Tuesday, July 05, 2005

Flashes from the Past: A Lover of Words...

His father died when he was 4 years old, leaving him, his mother, and a younger brother to fend for themselves. His mother remained ambitious, making the decision to homeschool him (teaching him Latin, French, English, drawing, botany, and piano) in the hopes of having him admitted to the best grammar school in the city. He didn't get in at age 7, but he tried again at age 8, and got in.

From an early age, he loved words and loved to read. He started to read at 4 and his mother provided him with a steady supply of Arthurian legends, fairy tales and George MacDonald's Curdie books. By age 11, he was learning Greek and Shakespeare, and became fascinated by reading The Canterbury Tales in its original Middle English.
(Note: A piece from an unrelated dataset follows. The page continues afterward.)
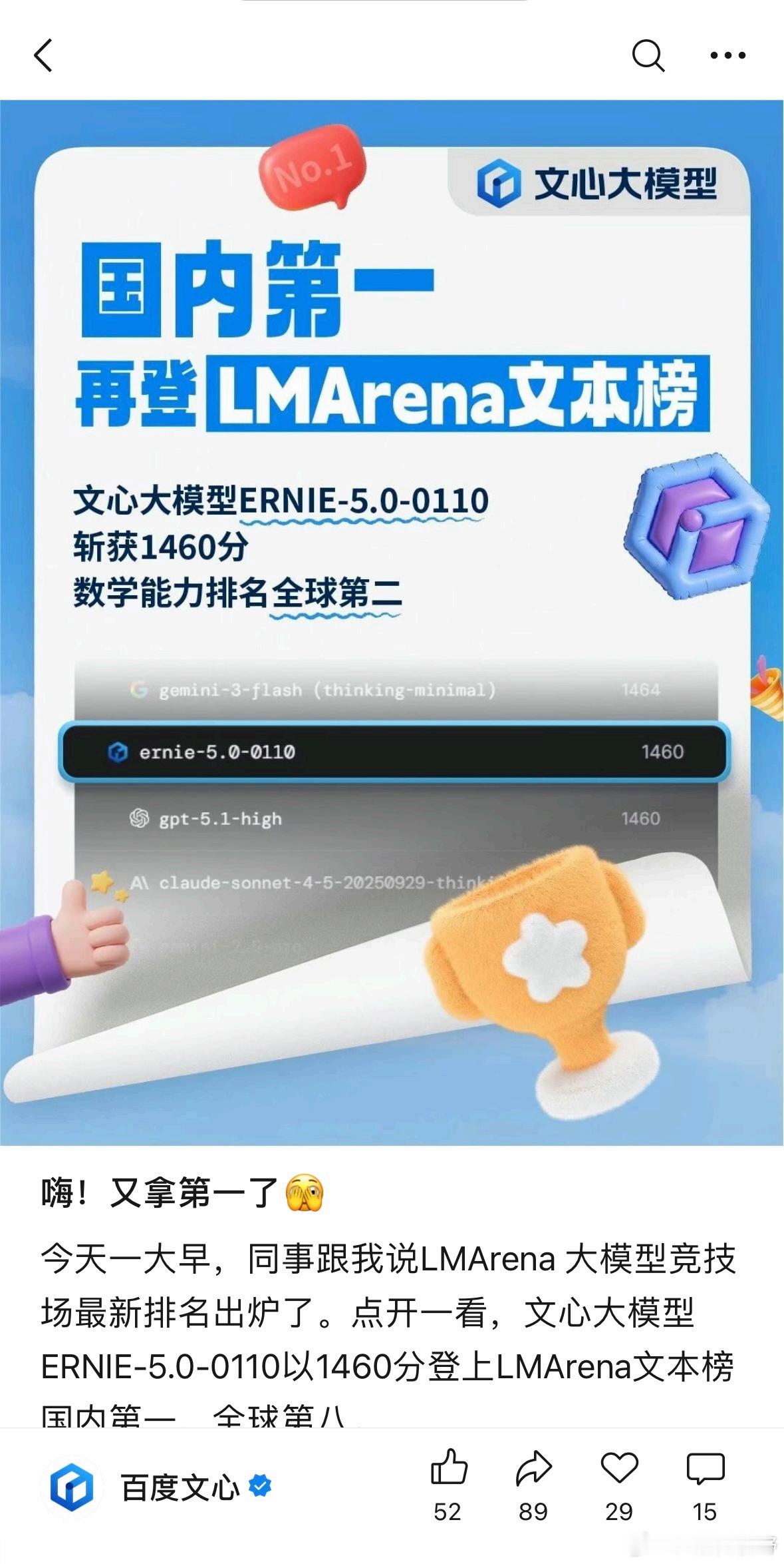 【从持续登榜到正式发布,文心5.0为何选择此时“亮剑”?】最近几个月,关注AI技术进展的人都会注意到一个现象:在LMArena等国际权威评测榜单上,百度的文心大模型已成为常客,在文本理解与多模态能力评测中持续位列全球第一梯队。这种稳定而突出的表现,让业界对其新一代模型充满期待。今天,随着文心5.0正式版的发布,所有的期待终于落地,而这一发布时机的选择,背后恰恰反映出中国AI企业日益成熟的技术节奏与市场判断。文心5.0最引人注目的标签,是其“原生全模态”的统一架构。与通过模块拼接实现多模态能力的传统路径不同,文心5.0从模型训练之初,就将文本、图像、音频、视频置于同一框架中进行学习与优化。这种设计使得模型能够实现真正意义上的跨模态理解与生成,在多轮对话、复杂指令跟随、创意内容生成等场景中表现出了更接近人类认知的连贯性与灵活性。其2.4万亿的参数规模,配合超稀疏激活的混合专家结构,更在能力与效率之间取得了值得关注的平衡。值得深思的是,文心5.0选择在此时正式发布,并非偶然。一方面,模型在多项基准测试中已稳定达到国际顶尖水准,技术成熟度经受住了检验;另一方面,文心的月活跃用户突破2亿,标志着其应用生态已步入规模化发展阶段。技术与市场形成了共振,发布便成了水到渠成的“临门一脚”。这体现了一种更加务实的产品逻辑:不盲目追求首发噱头,而是确保当技术走向台前时,已具备扎实的用户基础与清晰的落地路径。从行业视角观察,2026年的大模型竞争主线正清晰转向“原生多模态”与“深度应用落地”的双重考验。文心5.0的推出,不仅是百度的一次技术汇报,更可被视为中国AI产业在全球新一轮竞赛中发出的一个强烈信号:我们已不再局限于单点技术追赶,而是在系统架构、工程化整合与生态构建上,具备了参与前沿格局重塑的能力。它的登场,或许将加速推动AI从“炫技”走向“赋能”,在教育、创作、企业服务乃至人机交互等多个领域催生更深入的变化。回望文心近期从登榜到发布的历程,我们可以看到一个更加自信、更具节奏感的技术产品化路径。文心5.0的“亮剑”,亮出的不仅是技术之剑,更是对产业发展阶段的理解之剑、对用户需求响应用户需求的市场之剑。它的到来,或许正预示着一个新的开始:当技术准备、生态规模与市场认知同时到位,AI才真正可能从实验室走进千家万户,从话题变成生产力。$百度集团-SW hk09888$

He also loved to play around with and make up words. His young mother died from diabetes when he was just 12 years old, but he and his brother were fortunate to be adopted by a parish priest, a family friend.

This young man's love of words continued to grow as he progressed through school, and corresponded in made up languages with two cousins. One language, "Animalic" consisted only of animal names. Apparently, "Dog nightingale woodpecker forty" meant "You are an ass."
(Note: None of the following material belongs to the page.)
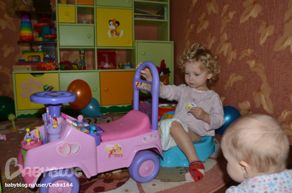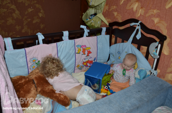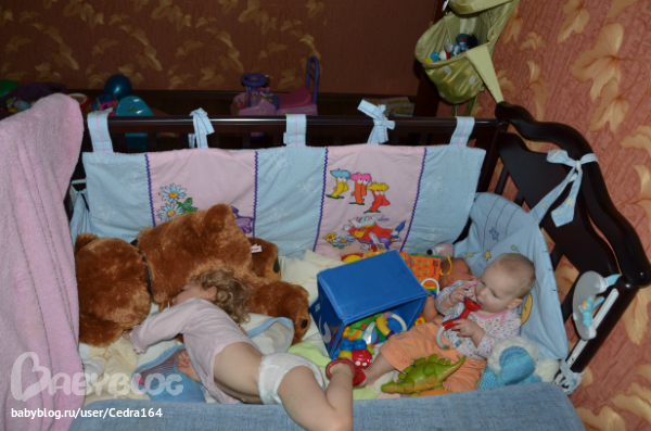Настя дооолго сидела, ковырялась с коробкой игрушек. Раньше 2х минут ей хватало.
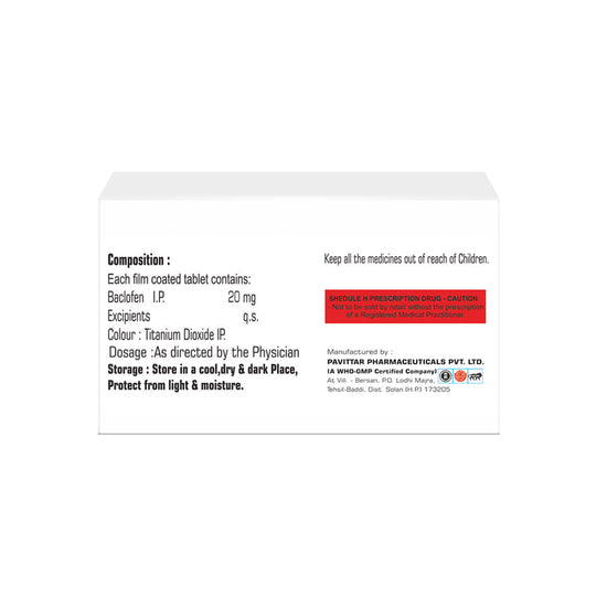 Baclofen 20mg Extended Release Tablet is used to reduce and relieve muscle spasms (involuntary, excessive muscle contractions) associated with various neurological conditions. Muscle spasms can be painful and uncomfortable, and often occur when nerve signals controlling muscle movements are impaired or disrupted.

Here's a limerick he wrote to his cousin in the imaginary language "Nevbosh":

Dar fys ma vel gom co palt "Hoc
Pys go iskili far maino woc?
Pro si go fys do roc de
Do cat ym maino bocte
De volt fact soc ma taimful gyroc!"

The translation:

There was an old man who said "How
Can I possibly carry my cow?
For if I were to ask it
To get in my basket
It would make such a terrible row!"

Who was this budding philologist? This was J.R.R. Tolkien, later Oxford Professor and literary scholar, and author of The Hobbit, Lord of the Rings, and Silmarillion, among others. He often said he thought of names he liked first, then put them in stories.
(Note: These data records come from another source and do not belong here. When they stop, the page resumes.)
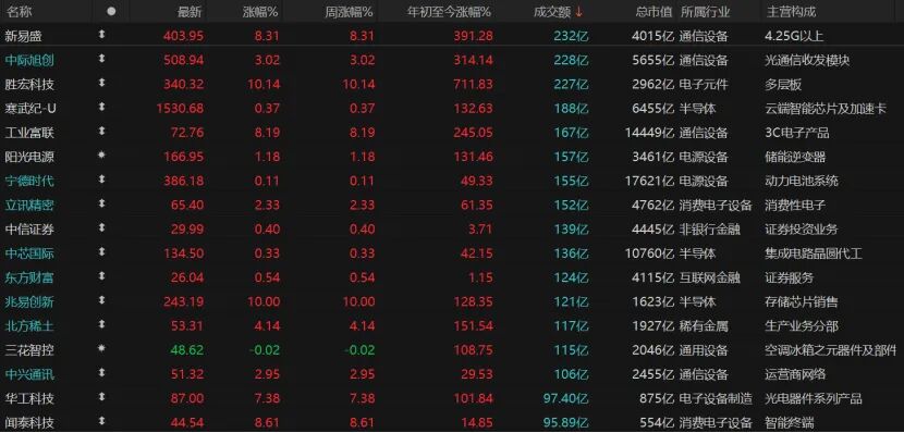 今日共计3361只个股收涨,涨停股63只;1862只个股收跌,跌停股15只。今日成交额超过100亿元的个股共计15只,主要集中在科技股,且多数大涨。其中,新易盛、中际旭创、胜宏科技日成交额均超过200亿元,股价涨势强劲。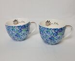 Lily Pulitzer Gold Handle Hidden Lion Blue Floral 12 OZ Coffee Mugs Set of 2 Tea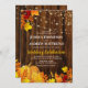 Um convite de casamento de noiva de outono, perfeito para o outono. Apresenta um fundo de madeira escuro com duas abóboras brilhantes, um confete com brilho dourado, e luzes de fadas brilhantes para um toque romântico. As folhas do outono em laranja, amarelo e marrom ricos adicionam uma vibração sazonal acolhedora. O modelo do casamento é fácil de personalizar, fazer ideal para capturar sua celebração do outono.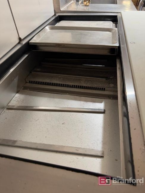 Traulsen Stainless Steel Commercial Refrigerated Sandwich/Salad Prep Table. Two Door Bottom Refrigerator, Located: Cafeteria

Throughout his life, he was close to all of his children and told them stories to help them fall asleep. Many were apparently never recorded, but some were collected together for books that were published posthumously. The story of Roverrandom was told by him after one of his sons had lost a favorite toy on a vacation.

Tolkien often mentioned that everything he knew, he owed to his mother who died so young, and her deep religious faith. Quote, "However by name a Tolkien, I have the taste, talents and education of a Suffield.”